- WHAT YOU WILL DO -
Transcribe, exactly and without pictures, the lines below from the line with "(通讯员:章丽平)2021年" to the line with "游人在观看大法洪传和国内弟子受迫害的图片 | 小弟子炼功 |", both ends included, and no others.

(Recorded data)
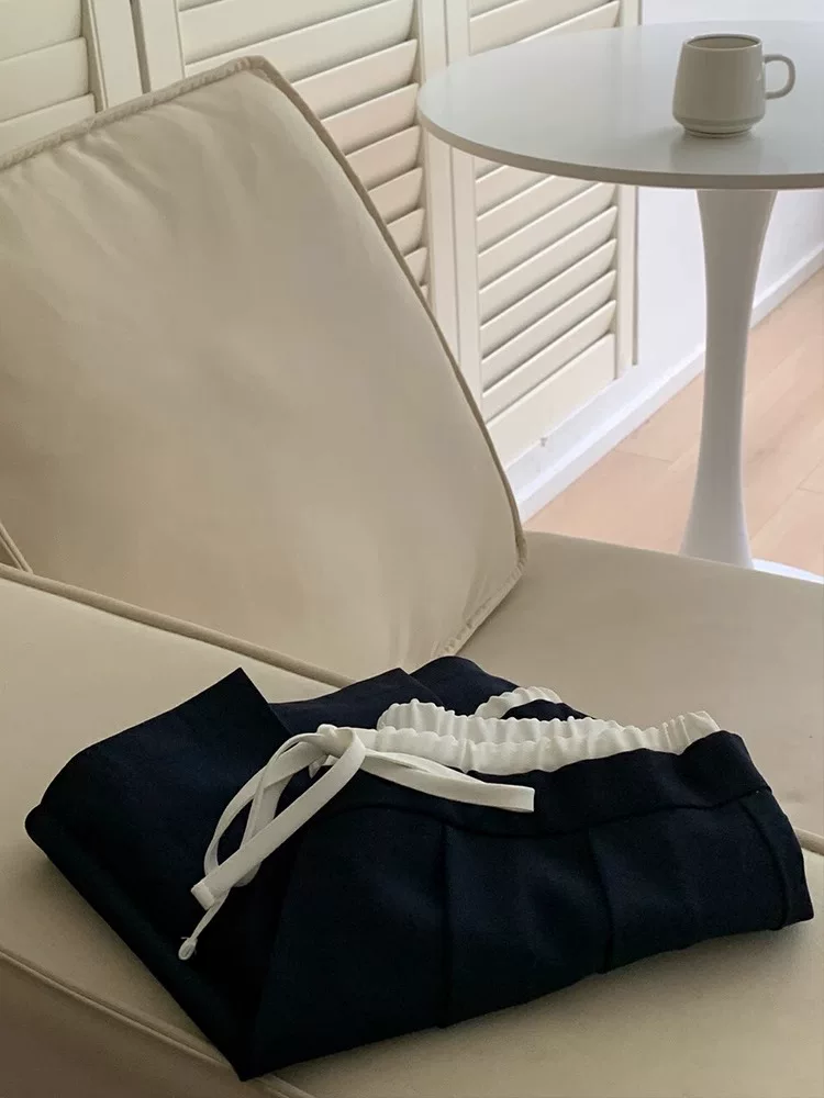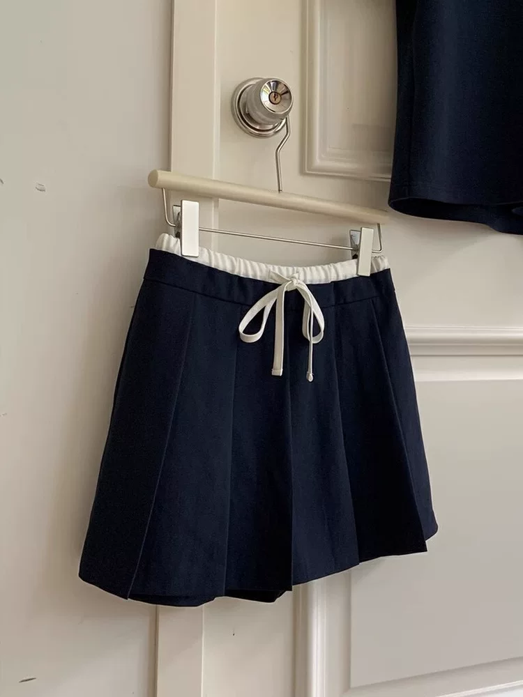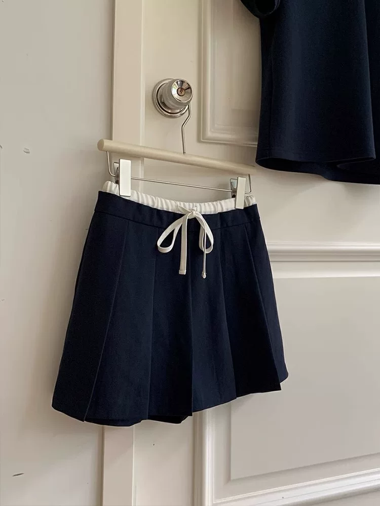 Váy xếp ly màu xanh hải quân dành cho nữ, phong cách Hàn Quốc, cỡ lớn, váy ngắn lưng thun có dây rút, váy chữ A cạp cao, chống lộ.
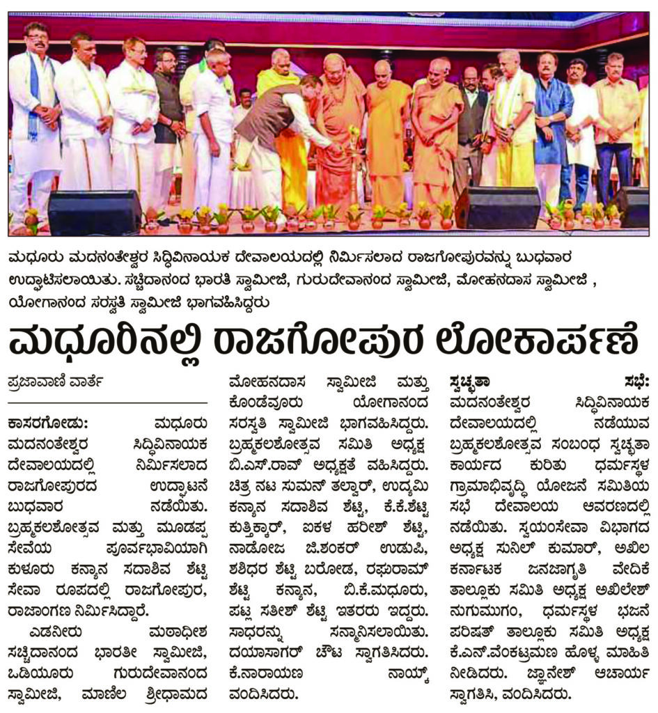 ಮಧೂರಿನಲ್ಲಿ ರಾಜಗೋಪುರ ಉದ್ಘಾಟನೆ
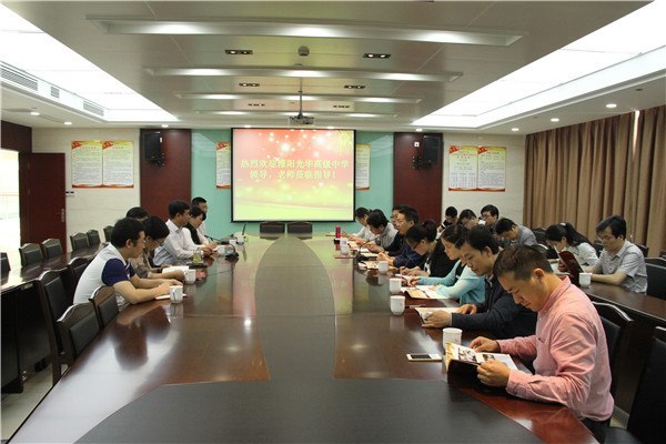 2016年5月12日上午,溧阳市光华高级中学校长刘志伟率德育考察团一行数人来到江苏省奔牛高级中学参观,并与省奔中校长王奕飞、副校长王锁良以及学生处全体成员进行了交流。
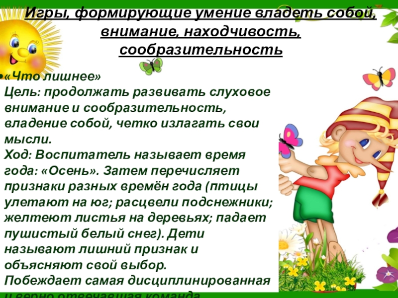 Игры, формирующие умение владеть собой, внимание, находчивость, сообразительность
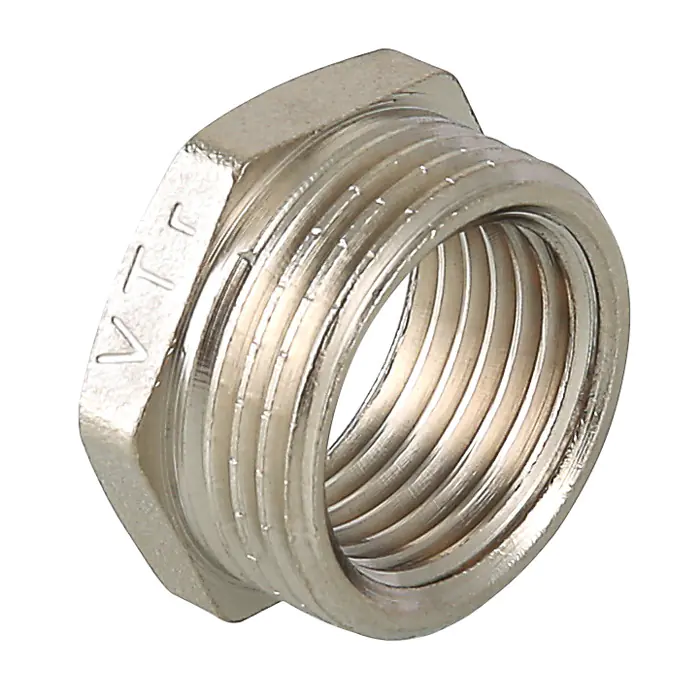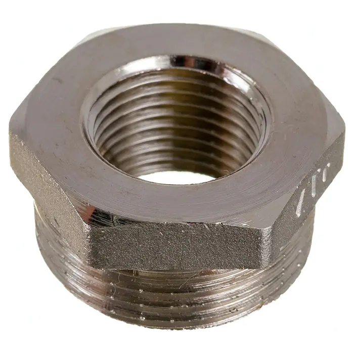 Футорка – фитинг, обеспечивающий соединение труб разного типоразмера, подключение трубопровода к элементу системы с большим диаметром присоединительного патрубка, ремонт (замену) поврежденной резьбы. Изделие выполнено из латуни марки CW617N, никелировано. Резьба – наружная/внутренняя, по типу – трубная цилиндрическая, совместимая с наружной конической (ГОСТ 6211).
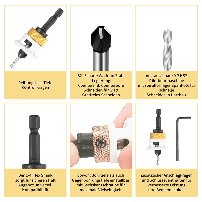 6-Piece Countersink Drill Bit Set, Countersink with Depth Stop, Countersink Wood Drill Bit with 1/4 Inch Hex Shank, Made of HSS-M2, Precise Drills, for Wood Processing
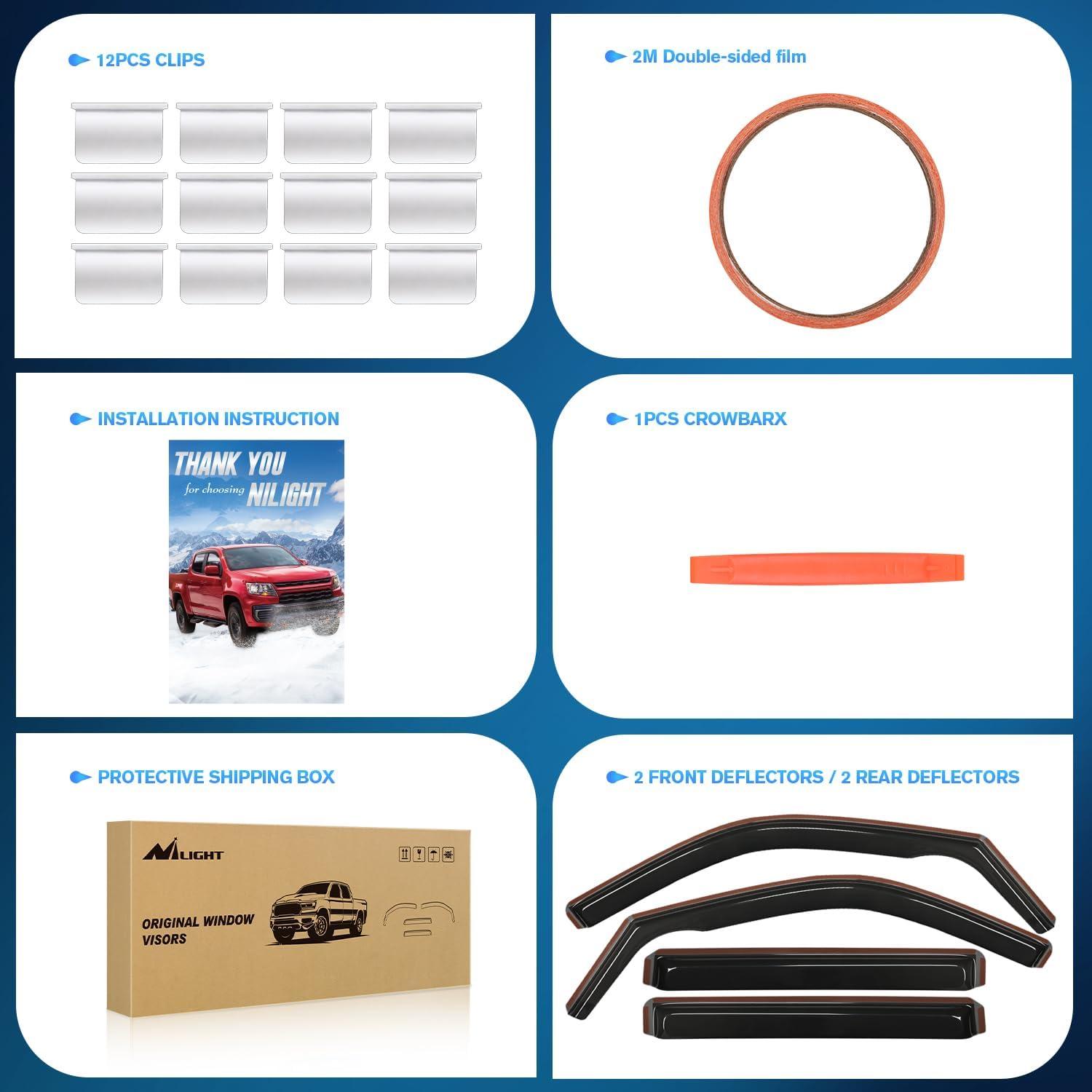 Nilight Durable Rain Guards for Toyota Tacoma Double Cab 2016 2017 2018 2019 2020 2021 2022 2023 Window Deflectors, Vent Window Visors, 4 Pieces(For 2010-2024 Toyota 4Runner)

--

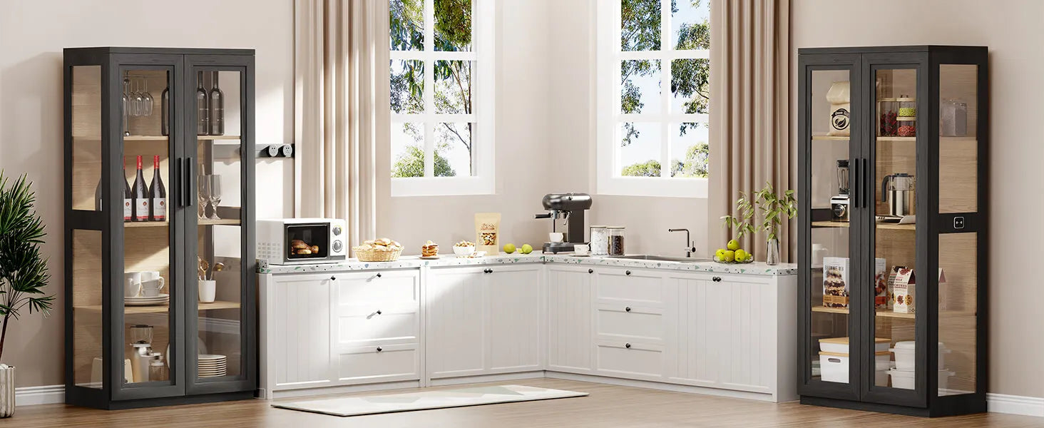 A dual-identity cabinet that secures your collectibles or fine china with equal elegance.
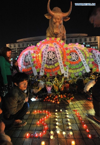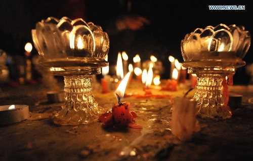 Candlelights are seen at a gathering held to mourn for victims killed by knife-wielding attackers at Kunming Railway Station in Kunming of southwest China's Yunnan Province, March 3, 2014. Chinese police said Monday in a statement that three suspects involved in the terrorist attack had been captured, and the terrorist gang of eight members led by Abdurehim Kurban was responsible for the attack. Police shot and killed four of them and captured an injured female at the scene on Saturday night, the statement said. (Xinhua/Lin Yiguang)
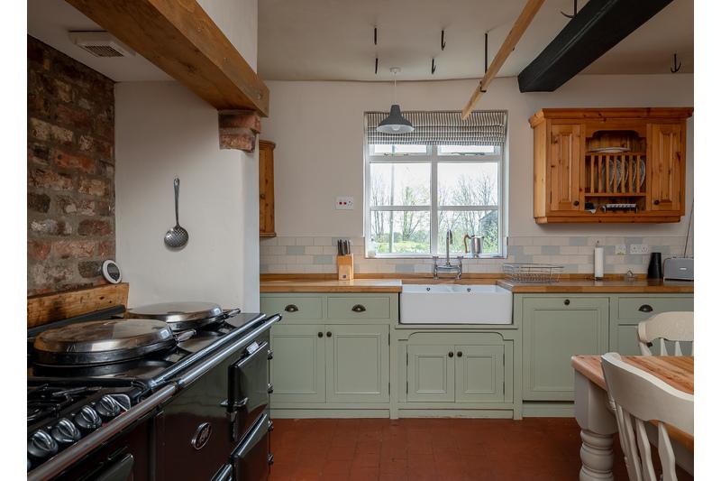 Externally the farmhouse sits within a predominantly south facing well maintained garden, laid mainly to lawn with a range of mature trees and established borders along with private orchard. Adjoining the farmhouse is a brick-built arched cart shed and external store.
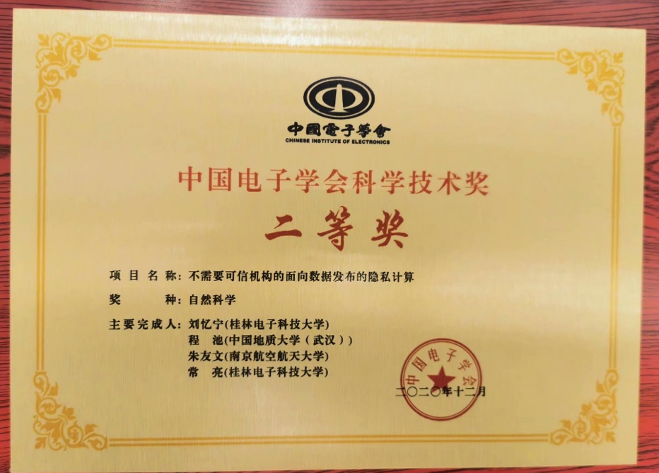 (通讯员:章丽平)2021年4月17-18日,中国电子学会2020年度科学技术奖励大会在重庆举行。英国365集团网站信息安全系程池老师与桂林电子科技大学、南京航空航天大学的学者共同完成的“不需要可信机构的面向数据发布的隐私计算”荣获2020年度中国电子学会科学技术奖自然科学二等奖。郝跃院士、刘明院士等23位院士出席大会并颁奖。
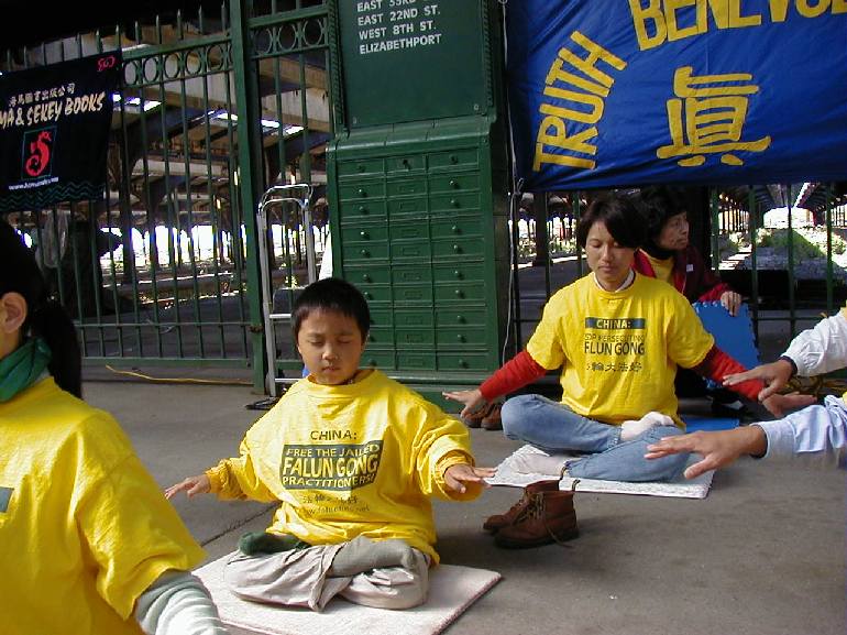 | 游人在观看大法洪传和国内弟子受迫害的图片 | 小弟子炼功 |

- TASK RESPONSE -
 (通讯员:章丽平)2021年4月17-18日,中国电子学会2020年度科学技术奖励大会在重庆举行。英国365集团网站信息安全系程池老师与桂林电子科技大学、南京航空航天大学的学者共同完成的“不需要可信机构的面向数据发布的隐私计算”荣获2020年度中国电子学会科学技术奖自然科学二等奖。郝跃院士、刘明院士等23位院士出席大会并颁奖。
 | 游人在观看大法洪传和国内弟子受迫害的图片 | 小弟子炼功 |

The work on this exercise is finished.